Sharon Wrobel is a tech reporter for The Times of Israel.
A group of up to 30 women working in junior tech positions from Israel, Bahrain, Morocco and the United Arab Emirates are set to come together in January to participate in a Jerusalem-led program to help them break through the glass ceiling and take up managerial roles.
The three-month program led by FemForward, a Jerusalem nonprofit founded in 2020, aims to support women in junior tech positions with the tools and network to advance their career to senior levels.
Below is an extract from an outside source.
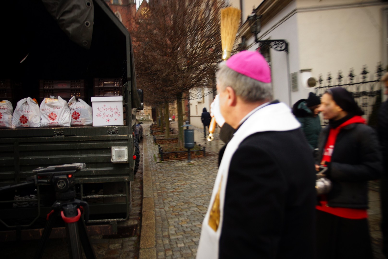– Dziękuję władzom miasta Wrocławia oraz naszym terytorialsom, na których zawsze możemy liczyć. Szczególne słowa podziękowania kieruję do dyrektora Caritas Archidiecezji Wrocławskiej oraz wszystkich wolontariuszy i pracowników. Swoimi życzeniami obejmuję osoby starsze, chore, ale również poszkodowane w powodzi. Do nich kieruję słowa nadziei i pocieszenia. Przed nami święta szczególne. Wpatrujemy się w żłóbek i dzieciątko Jezus, które nie osądza, tylko spogląda z miłością. Życzę, byśmy wszyscy doswiadczyli Bożej miłości. Jezus przychodzi na świat po to, by nas przekonać o miłości Boga. Chcemy być drobnymi pastuszkami, którzy dary przynoszą tym najbardziej potrzebującym.

In collaboration with the UAE-Israel Business Council and funded by the US embassy in Israel, the junior-to-manager program will next year for the first time include women in tech from the Abraham Accords countries.
The initiative comes after Israel started to normalize ties with Gulf countries in 2020 as part of the US-brokered Abraham Accords with Arab states, including the United Arab Emirates, Morocco and Bahrain.
“We have funding to run this program with women from Abraham Accords countries for two years and plan to have four cohorts,” FemForward founder and CEO Rachel Wagner Rosenzweig told The Times of Israel. “The Abraham Accords are basically about creating a new Middle East, one that has opportunities and prosperity for everyone from the region, and by extending our program to women in these countries we are helping to turn this vision into a reality.”
FemForward launched in 2020 to address what is often referred to as the “broken rung” trend — the lack of advancement of women in tech from entry-level to managerial positions. According to the McKinsey 2022 Women in the Workplace report, for every 100 men promoted from junior level to manager, only 87 women are promoted. The report also found that there are far fewer women working in engineering and technical fields, with women’s relative representation in these jobs declining from 2018.
“We have been seeing that the main issue in the career advancement of women in tech is actually at the beginning stages of their careers because of a lack of network, lack of confidence, and differences in the way they promote themselves as opposed to men,” Wagner Rosenzweig remarked. “So our program will be open for women at the beginning stages of their careers who are thirsty for advancement.”
Since FemForward was founded, more than 100 women in Israel have graduated from the program.
FemForward’s program including women from Gulf countries will kick off with a two-day seminar in mid-January in Israel and will be held in English. It will be followed by weekly online lectures and a mentorship program and end with a two-day seminar in Dubai with networking events.
“We are paying for all the participants to come to Israel and we are also going to have lecturers from the Abraham accords countries too,” Wagner said.
The course includes lectures led by leading female executives including Adi Soffer Teeni, general manager of Meta Israel, and Fleur Hassan-Nahoum, deputy mayor of Jerusalem and co-founder of the UAE-Israel Business Council, as well as from companies such as Google, McKinsey and Intel. Additionally, every woman on the program is mentored personally by a senior executive in the tech industry.
“As the technology industry in the Abraham Accords countries continues to grow, so do the opportunities for women to expand their careers and become managers and leaders,” said Fleur Hassan-Nahoum, co-founder of the Gulf-Israel Women’s Forum, a division of the UAE-Israel Business Council. “By providing them with the tools they need, we are helping to increase the numbers of female leaders in the region.”
The UAE-Israel Business Council was founded to bring together entrepreneurs, business people, government officials and organizations looking to initiate joint projects and advance economic and social opportunities between the two countries.
“The Abraham Accords was the beginning of something really important,” said US Ambassador to Israel Tom Nides. “It’s the essence of bringing people together.”